I am speechless. Dumbfounded. My brain cannot process what I have just heard. I ask him to repeat it.
“I found Erik Vaughn. He will never hurt you again.”
I am paralyzed by an icy wave. For a few seconds, we stare at each other in silence.
“That’s impossible!” I say finally. “Half the cops in France have been searching for him since he went on the run. How the hell did you manage to find him on your own?”
“Doesn’t matter. All that matters is I did it.”
I become irritated. “But you were fired. You’re not a cop anymore. You don’t have a team or—”
“I still have my contacts,” he says, his eyes never leaving mine. “Guys who owe me favors. People who know people who know people. You know how it works.”
“Actually, I don’t.”
“I have snitches who are taxi drivers. One of them had Erik Vaughn in his cab near Porte de Saint-Cloud on the evening you were attacked. He left his phone when he realized he’d been identified.”
I feel as if my heart is about to explode. My father continues.
“The taxi took him to Seine-Saint-Denis, in Aulnay-sous-Bois, to a crappy hotel near Place du Général-Leclerc.”
He takes the folder from me and pulls a few photographs from it, the kind of pictures cops take when they are on a stakeout.
“While everyone thought he’d gone overseas, this piece of shit was hiding less than twenty minutes from Paris. He stayed there for five days under an assumed name using a fake ID. He didn’t go out much, but he needed a fake passport. On the fifth day, around eleven p.m., he came outside. He was alone. He stayed close to the walls, head down. That was when I got him.”
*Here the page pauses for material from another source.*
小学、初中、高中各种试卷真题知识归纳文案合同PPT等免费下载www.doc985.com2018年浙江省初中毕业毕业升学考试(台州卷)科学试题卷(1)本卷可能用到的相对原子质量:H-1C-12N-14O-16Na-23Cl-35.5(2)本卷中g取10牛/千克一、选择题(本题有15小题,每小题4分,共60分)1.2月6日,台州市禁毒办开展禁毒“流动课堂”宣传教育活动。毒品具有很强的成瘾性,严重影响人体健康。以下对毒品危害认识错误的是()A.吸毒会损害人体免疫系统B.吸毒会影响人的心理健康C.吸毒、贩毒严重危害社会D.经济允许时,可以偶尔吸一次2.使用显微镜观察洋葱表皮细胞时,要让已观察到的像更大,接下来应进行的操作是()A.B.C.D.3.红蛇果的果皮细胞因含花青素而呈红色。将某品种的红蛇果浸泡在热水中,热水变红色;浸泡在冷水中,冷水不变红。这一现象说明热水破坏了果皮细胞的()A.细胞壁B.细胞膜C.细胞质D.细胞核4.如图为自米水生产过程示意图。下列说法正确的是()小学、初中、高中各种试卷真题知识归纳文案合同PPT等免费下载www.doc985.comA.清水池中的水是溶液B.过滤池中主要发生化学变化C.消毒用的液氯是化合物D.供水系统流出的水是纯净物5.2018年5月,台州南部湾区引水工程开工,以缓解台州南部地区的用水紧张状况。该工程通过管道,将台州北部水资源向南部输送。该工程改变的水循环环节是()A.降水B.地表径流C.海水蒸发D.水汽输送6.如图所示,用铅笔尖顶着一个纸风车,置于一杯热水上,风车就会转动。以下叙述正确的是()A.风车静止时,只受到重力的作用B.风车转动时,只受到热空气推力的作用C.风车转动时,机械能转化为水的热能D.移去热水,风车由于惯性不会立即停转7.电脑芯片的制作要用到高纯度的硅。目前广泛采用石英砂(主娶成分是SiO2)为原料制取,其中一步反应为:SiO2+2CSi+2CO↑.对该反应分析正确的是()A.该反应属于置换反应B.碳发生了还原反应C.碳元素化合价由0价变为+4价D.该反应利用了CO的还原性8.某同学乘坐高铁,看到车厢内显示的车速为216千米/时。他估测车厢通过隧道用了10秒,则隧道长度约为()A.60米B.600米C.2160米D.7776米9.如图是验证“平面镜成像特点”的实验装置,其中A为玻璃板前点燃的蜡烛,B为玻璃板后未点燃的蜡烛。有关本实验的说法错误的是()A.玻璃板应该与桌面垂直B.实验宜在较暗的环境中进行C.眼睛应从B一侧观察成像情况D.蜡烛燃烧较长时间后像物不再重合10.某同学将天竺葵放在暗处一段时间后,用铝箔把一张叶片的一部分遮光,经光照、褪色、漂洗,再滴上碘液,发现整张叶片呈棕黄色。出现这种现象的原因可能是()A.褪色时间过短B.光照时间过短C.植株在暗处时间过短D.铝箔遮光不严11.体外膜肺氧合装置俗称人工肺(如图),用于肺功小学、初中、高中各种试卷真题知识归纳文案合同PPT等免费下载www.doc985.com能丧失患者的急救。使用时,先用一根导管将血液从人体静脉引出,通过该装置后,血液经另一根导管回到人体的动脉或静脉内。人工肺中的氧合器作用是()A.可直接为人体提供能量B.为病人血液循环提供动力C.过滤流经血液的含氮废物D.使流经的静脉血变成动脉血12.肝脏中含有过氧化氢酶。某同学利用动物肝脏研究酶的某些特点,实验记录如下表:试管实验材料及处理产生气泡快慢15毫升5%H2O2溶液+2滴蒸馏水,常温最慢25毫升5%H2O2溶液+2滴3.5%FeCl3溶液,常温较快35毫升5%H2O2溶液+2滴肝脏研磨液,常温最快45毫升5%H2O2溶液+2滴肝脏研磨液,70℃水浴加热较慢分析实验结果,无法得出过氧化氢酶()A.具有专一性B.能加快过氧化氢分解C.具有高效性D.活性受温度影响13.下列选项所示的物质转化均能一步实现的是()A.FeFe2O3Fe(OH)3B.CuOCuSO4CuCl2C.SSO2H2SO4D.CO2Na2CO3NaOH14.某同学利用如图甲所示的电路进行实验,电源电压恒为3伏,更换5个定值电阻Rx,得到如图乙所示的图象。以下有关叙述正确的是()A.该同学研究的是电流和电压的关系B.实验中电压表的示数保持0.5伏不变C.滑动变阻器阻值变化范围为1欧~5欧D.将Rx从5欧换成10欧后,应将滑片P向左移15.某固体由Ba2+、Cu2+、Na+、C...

“Just like that, in the street?”
“That place is deserted at night. I hit him twice with a crowbar on his head and neck. He was already dead when I loaded him in the trunk of my Range Rover.”
I try to swallow, but my throat is too tight. I grip the metal security bar at the edge of my bed. “What did you do with the body?”
“I drove most of the night toward Lorraine. I’d spotted the perfect place to dump this monster, an abandoned sugar factory between Sarrebourg and Sarreguemines.”
He hands me other pictures. The place looks like something from a horror movie: a series of derelict buildings hidden behind chain-link fences out in the middle of nowhere. Boarded-up windows. Redbrick chimneys that look like they’re about to collapse. Huge metal crates half buried in the ground. Busted conveyor belts. Carts on rails overgrown with weeds. Rusted old backhoes.
He points to one of the pictures. “Behind the storage area, there are three stone wells, built side by side, that lead down to an underground tank. Vaughn’s corpse is rotting in the middle one. No one will ever find him there.” He shows me the last photo—the edge of a well covered by a heavy metal grate.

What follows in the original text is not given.